Katherine Wright, president of the Wright Solution, based in St. Catharines, Ont., says she tries to find some downtime at least once a day. “Just 15 minutes of quiet time works wonders,” but she adds an important caveat, “don’t do e-mail, don’t speak to anyone, don’t read – just relax.” Stinger says if she has some down time, she will try to do something fun. “When I’m in Vancouver, I try to walk to the Aquarium and have lunch watching the whales. It totally invigorates me. And seeing the reaction of small children seeing those creatures is always so amusing. Everyone needs to laugh more.”

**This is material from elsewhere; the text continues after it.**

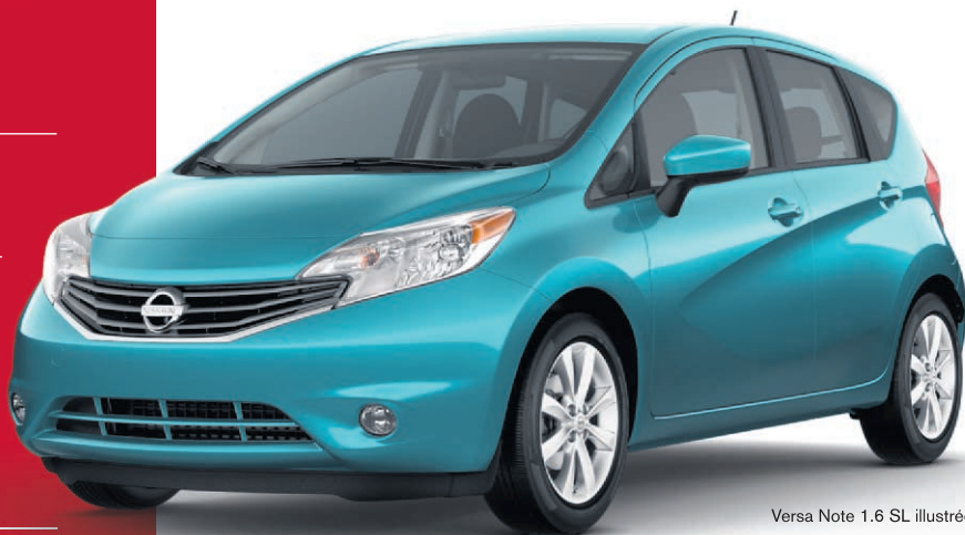
Versa Note 1.6 SL illustrée**

APPLICABLE LORSQUE FINANCÉ PAR NISSAN CANADA FINANCE SUR TOUS LES MODÈLES VERSA NOTE 2015

Robin Paisley, director of events at our own Meetings & Incentive Travel, swears by her stash of Airborne tablets. This immune-boosting supplement was developed by a teacher to combat classroom germs. At the first sign of fatigue, Paisley drinks a glass of water containing the dissolved orange-flavoured tablets. Since the tablets are only available in the U.S., she depends on buddies south of the border to bring her a new supply when she runs low. To combat dry hotel rooms, she runs a hot bath just before she goes to bed and leaves the bathroom door open. The added burst of moisture, she says, keeps her throat and eyes from drying out.

As a final bit of advice, Paul Butler recommends, “if at all possible, when you’re on a programme, try to take people you really get along with; it makes the trip more enjoyable for both the travel staff and the clients.”


  1. Try to arrive a couple of days earlier to your event city to acclimatize and gear-up on your own time without being rushed.
  2. Wash you hands — A lot! Make sure you’ve got Vitamin C and D and drink plenty of water.
  3. Eat smaller meals, try to eat more protein and fewer carbohydrates. Nuts and fresh fruit make a great snack and can help prevent a mid-afternoon slump or tide you over between longer-than-usual meal times.
  4. Try to find some downtime during your day (even if it’s only 15 minutes) to totally relax and do nothing.
  5. Go for a walk, try to work out or even jump rope in your room — anything that will give you a little physical diversion.